United States District Court, D. Colorado

January 23, 2017

12. MICHAEL SAMUEL MONROE II, Defendant. Civil Action No. 16-cv-00302-WYD

          ORDER DENYING 28 U.S.C. § 2255 MOTION

          Wiley Y. Daniel Senior United States District Judge.


         This matter is before the Court on Movant Michael Samuel Monroe II's Motion to Vacate, Set Aside, or Correct Sentence Pursuant to 28 U.S.C. § 2255 filed February 8, 2016. The Government filed an Answer to the motion on March 15, 2016, and a Reply was filed on March 28, 2016. On October 18, 2016, Mr. Monroe filed a letter checking on the status of his motion and requesting transcripts “so I can balance my options further if necessary.” (ECF No. 1397 at 1.)

         I must construe liberally Mr. Monroe's filings because he is not represented by an attorney. See Haines v. Kerner, 404 U.S. 519, 520-21 (1972); Hall v. Bellmon, 935 F.2d 1106, 1110 (10th Cir. 1991). However, I should not be an advocate for a pro se litigant. See Hall, 935 F.2d at 1110. After reviewing the entire file, I find that an evidentiary hearing is not necessary as Mr. Monroe's claims are legal issues that are resolvable solely on the basis of the existing record. Hooks v. Workman, 606 F.3d 715, 731 (10th Cir. 2010); see also United States v. Fields, 565 F.3d 290, 298 (5th Cir. 2009) (if, based on the record, a court can conclude as a matter of law that the movant cannot establish the elements necessary to state a valid constitutional claim, an evidentiary hearing is not necessary). Since I find that the issues can be resolved on the existing record, I also deny Mr. Monroe's request for transcripts. For the reasons stated below, Mr. Monroe's 2255 motion is denied.

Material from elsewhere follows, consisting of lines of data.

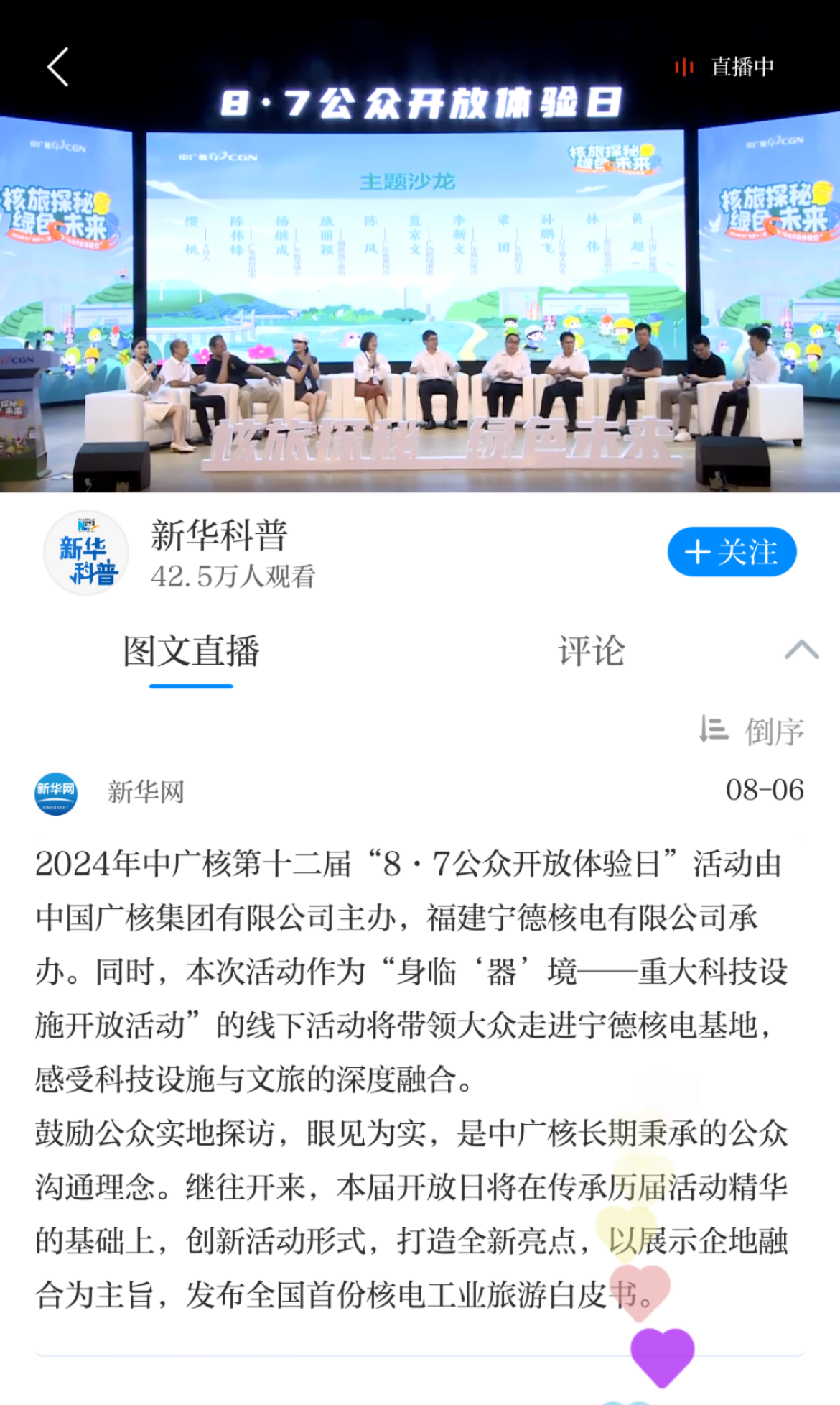 新華網(wǎng)、科技工作者之家、中國科技志愿服務、新浪廣東、核電那些事,以及中廣核官方微博、抖音、視頻號等多個平臺,對活動情況進行現(xiàn)場直播,超135萬人次在線觀看互動。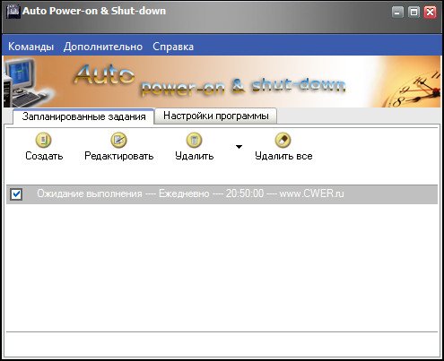 Auto Power-on & Shut-down - программа для автоматического включения/выключения компьютера, без захода в BIOS. Программа позволяет выставить правило "включить машину", на определенные дни недели и время (c точностью до секунды). Сразу после включения, программа может запретить доступ к машине или через определенное время его заблокировать, поддерживает большинство системных плат формата ATX. Главная фишка - встроенный планировщик. Позволяет выбрать определенный день в году, месяц, неделю, время (разово или постоянно) для: выключения, спящего или ждущего режима, перезагрузки, блокировки, пробуждения, открытия/закрытия программы, соединения с сетью, проигрывания звукового файла (нескольких форматов) или вывода настраиваемого сообщения.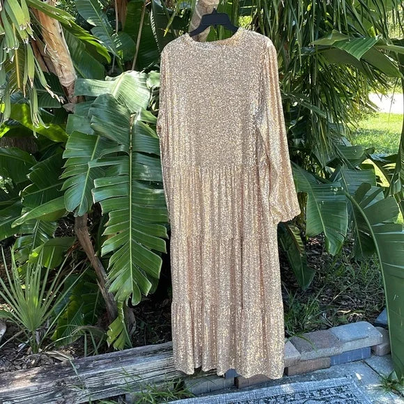 We are thrilled to bring you this best-selling silhouette just in time to elevate your holiday looks. This one is for the girl who loves to shimmer and shine!  We think it is the ultimate holiday hostess look with its sophisticated length, breezy fit and lining for comfortable entertaining. These quality sequins are built to help you sparkle all night long. We can't wait to see how you choose to style this striking gold frock for all of your upcoming gatherings.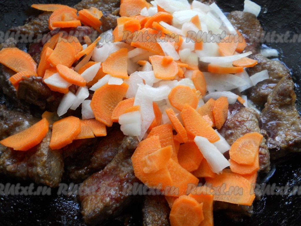 Добавить к печени порезанный средними кусочками репчатый лук и морковь, порезанную тонкими полукружочками.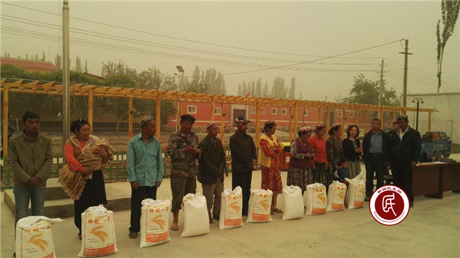为了保障贫困户基本的生活需要,工作组给村里十位最困难的贫困户发放了爱心面粉;同时,为了表彰劳动中表现突出的妇女,为22位妇女同志赠送了纱巾。一袋袋爱心面粉送去了党和政府的亲切关怀,激励贫困户更加团结一心,化关怀为动力,艰苦奋斗,努力实现脱贫致富;一条条纱巾把加依村妇女装扮的更加美丽,使她们更加自信、充分活力,以现代文化为引领,增加对未来美好生活的向往和动力。
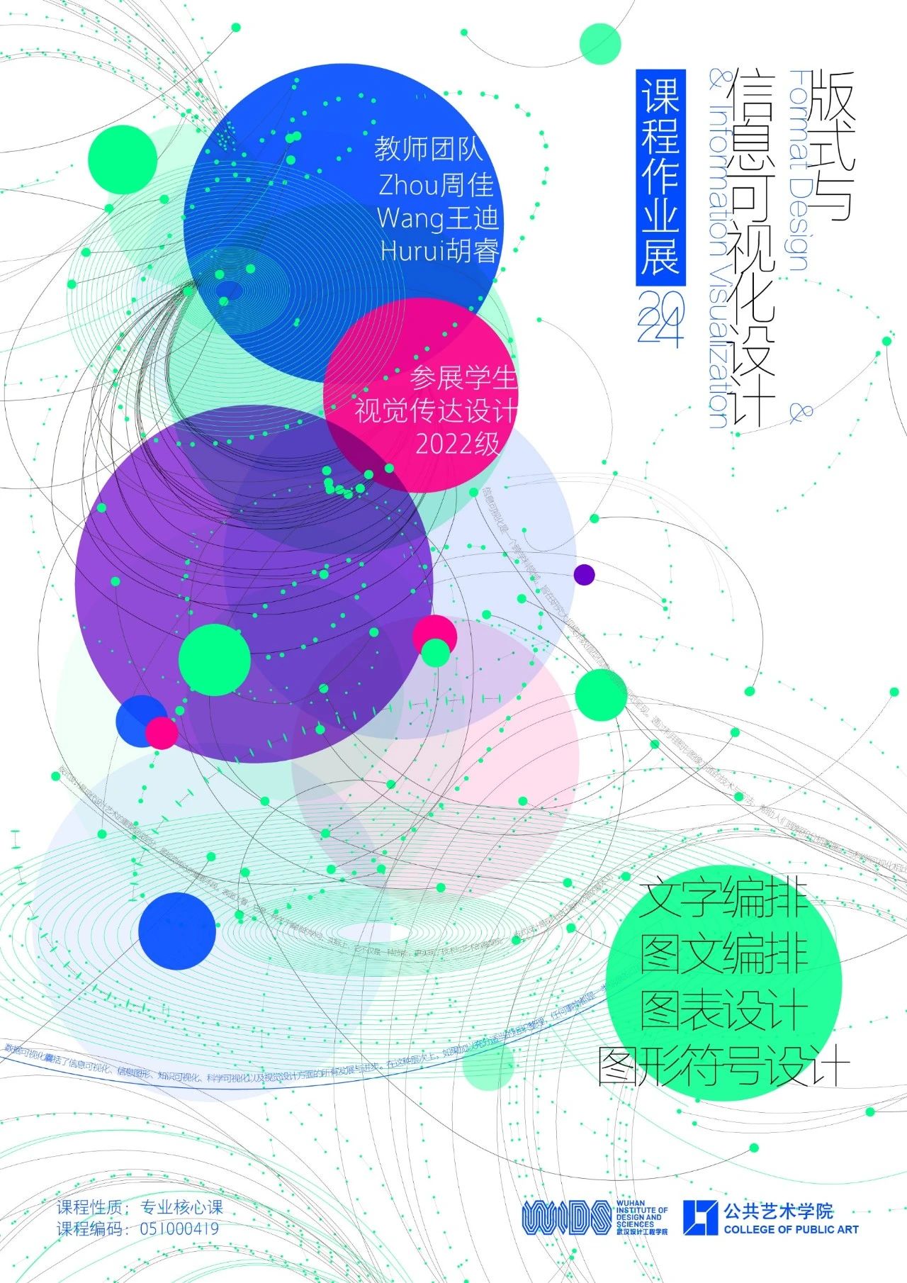 基本信息:《版式与信息可视化设计》是视觉传达设计专业的一门专业核心课程。课程是通过讲授、示范、案例分析、小组讨论、作业练习等多种教学形式,培养学生的版式设计和信息可视化设计的理论素养和实践能力。学习这门课程后,学生将能够掌握版式设计的原理和方法,信息可视化设计的概念和技巧,以及加强学生软件操作的技能。学生也将能够用信息可视化设计展示、提升版式设计的能力,以及对复杂信息的提炼、整合、归纳的能力。这门课程的目标是让学生用设计思维和技巧为信息传播、推广提供有效的解决方案,并为后续专业核心课程和创新创业项目提供技术和美学的支持。课程紧跟信息时代发展的新趋势和新技术,强调信息可视化设计不仅是一种信息再现的方法,更是信息传达的手段。这门课程的评估方式综合考查学生的平时表现、作业完成情况和期末项目展示,反映学生的学习效果和进步情况。最终通过课程教学环节和项目设计环节的学习,从而掌握信息可视化设计的思考方法、编辑能力和设计能力。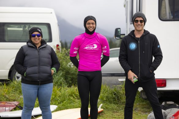 Auckland overpowers Canterbury to take the lead on Day 3 at the National Scholastic Surfing Championships contested at Meatworks, Kaikoura.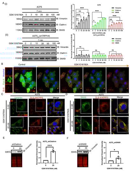 The interplay among vimentin/clathrin/SNX9 aids vesicles transduction of exocytosis. (A) Western blot of A375 and A375 with suppression of TRPV4 (upon GSK1016790A by concentration gradient) cell lysates probed for vimentin, clathrin (heavy chain), and SNX9, respectively. Target protein quantification was normalized to total protein. (B) Time-lapse of scanning disk confocal images of A375 cells with vimentin knock-down with GSK1016790A (20 nM) administration. Scale bar, 10 μm. (C) Confocal microscopic images of A375 cells treated with or without GSK1016790A (20 nM) immunostained for vimentin. Scale bar, 25 μm. (D) Confocal spanning disk microscopic images of A375 cells treated with or without GSK1016790A (20 nM) immunostained for SNX9. Scale bar, 10 μm. Western blot of A375 with (E) shclathrin and (F) shSNX9 (upon GSK1016790A (20 nM) stimuli) cell lysates probed for vimentin. Target protein quantification was normalized to total protein. Data are presented as mean ± SD of at least three independent experiments, t-test, * p < 0.05, ** p < 0.01, *** p < 0.001, ns indicates no significance.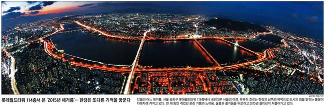조선일보는 서울 송파구 롯데월드타워 114층에서 내려다본 서울의 야경을 전하면서 "유유히 흐르는 한강의 남쪽과 북쪽으로 도시의 밤을 밝히는 불빛이 차례차례 켜지고 있다"며 "한 해 동안 겪었던 온갖 기쁨과 노여움, 슬픔과 즐거움을 뒤로하고 2015년 을미년이 저물어가고 있다"고 설명했다.

         Mr. Monroe was charged on January 26, 2012, in a multiple-count indictment with a variety of cocaine-related offense. An Information was filed on May 13, 2014, charging Mr. Monroe in Count One with knowingly and intentionally distributing and possessing with the intent to distribute 280 grams or more of a mixture and substance containing a detectable amount of cocaine base (crack cocaine). (ECF No. 1063.) Also on May 13, 2014, Mr. Monroe pleaded guilty to this offense. (ECF Nos. 1063, 1066 at 2, ¶ 1.) He was sentenced to 120 months of imprisonment, the mandatory minimum sentence for the crime to which he pled guilty. (ECF No. 1151). Judgment was entered on January 28, 2015. (Id.)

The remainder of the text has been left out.